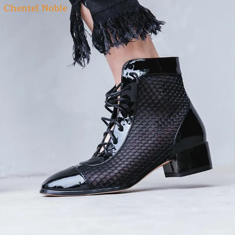 Бренд Chentel/сетчатые ботильоны для женщин на среднем каблуке; черные высокие сапоги с перекрестной шнуровкой для подиума; коллекция 2019 года; сезон лето-весна; Zapatos
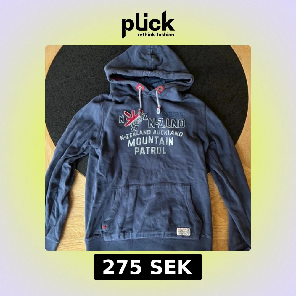 Säljer en mörkblå hoodie från NZA Auckland i storlek XS. Tröjan har tryck och broderad detalj framtill, snörning i huvan med röda detaljer och en stor magficka. Materialet är mjuk bomull och polyester, perfekt för chill dagar. Snygg och bekväm passform.
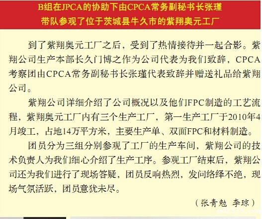 2014年6月6日,CPCA赴日考察团分A、B两组分别参观日本CMK工厂和日本紫翔工厂。
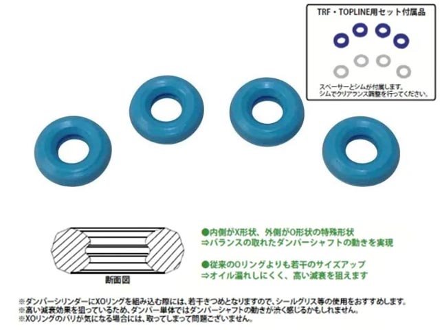 オイル漏れを防ぎ、高い減衰効果を狙った特殊形状のダンパー用XOリングです。
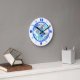 Funky blaue Blumen bedecken den Mittelpunkt dieser nummerierten Wanduhr. Ein passender blauer Rand trennt die Blume vom weißen Zahlenring. Große blaue Zahlen markieren jede Viertelstunde. Die anderen Stunden sind mit etwas kleineren Zahlen in hellblau markiert.
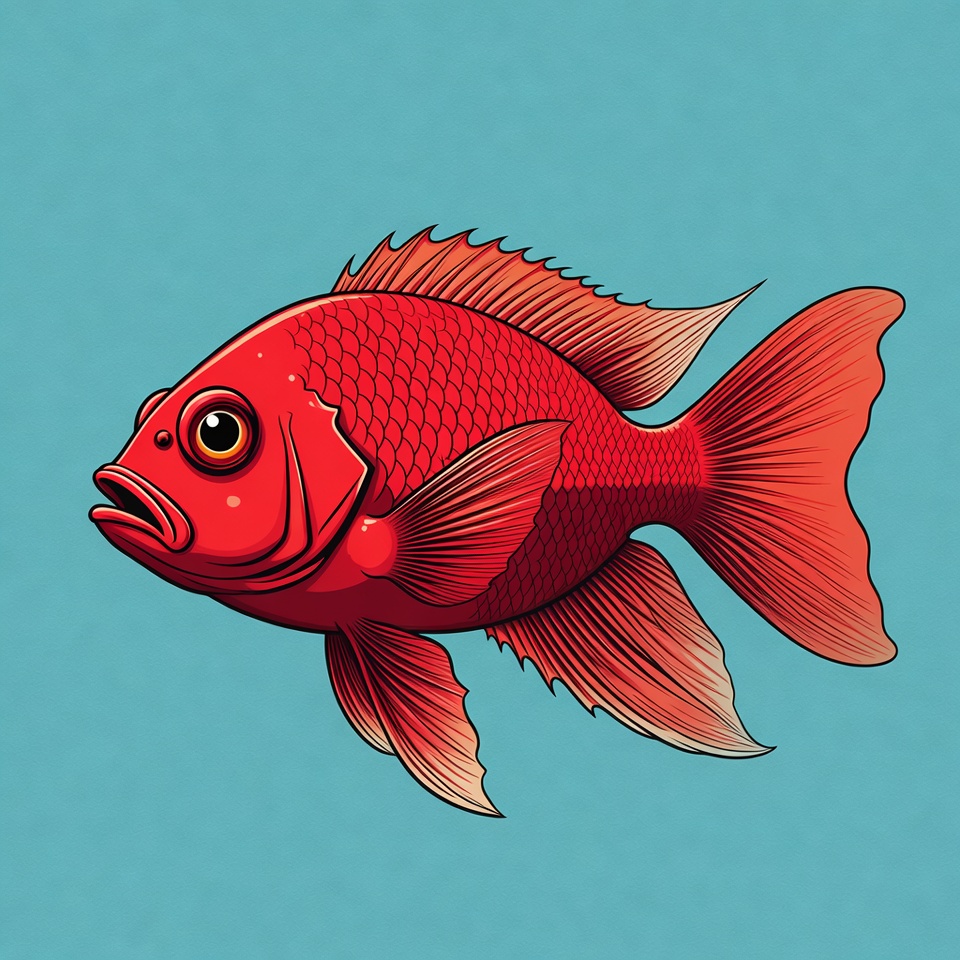 A vibrant red snapper fish with large expressive eyes and spiny fins swims against a solid blue background. The illustration features detailed scales, flowing fins in shades of red and orange, and a slightly open mouth. The style is bold vector art with smooth gradients.
- - - - - - -
What to produce: Give back exactly the lines from the top of the records to the line containing "オイル漏れを防ぎ、高い減衰効果を狙った特殊形状のダンパー用XOリングです。", both included, and no pictures.

Finished task:
 Бренд Chentel/сетчатые ботильоны для женщин на среднем каблуке; черные высокие сапоги с перекрестной шнуровкой для подиума; коллекция 2019 года; сезон лето-весна; Zapatos
 Säljer en mörkblå hoodie från NZA Auckland i storlek XS. Tröjan har tryck och broderad detalj framtill, snörning i huvan med röda detaljer och en stor magficka. Materialet är mjuk bomull och polyester, perfekt för chill dagar. Snygg och bekväm passform.
 2014年6月6日,CPCA赴日考察团分A、B两组分别参观日本CMK工厂和日本紫翔工厂。
 オイル漏れを防ぎ、高い減衰効果を狙った特殊形状のダンパー用XOリングです。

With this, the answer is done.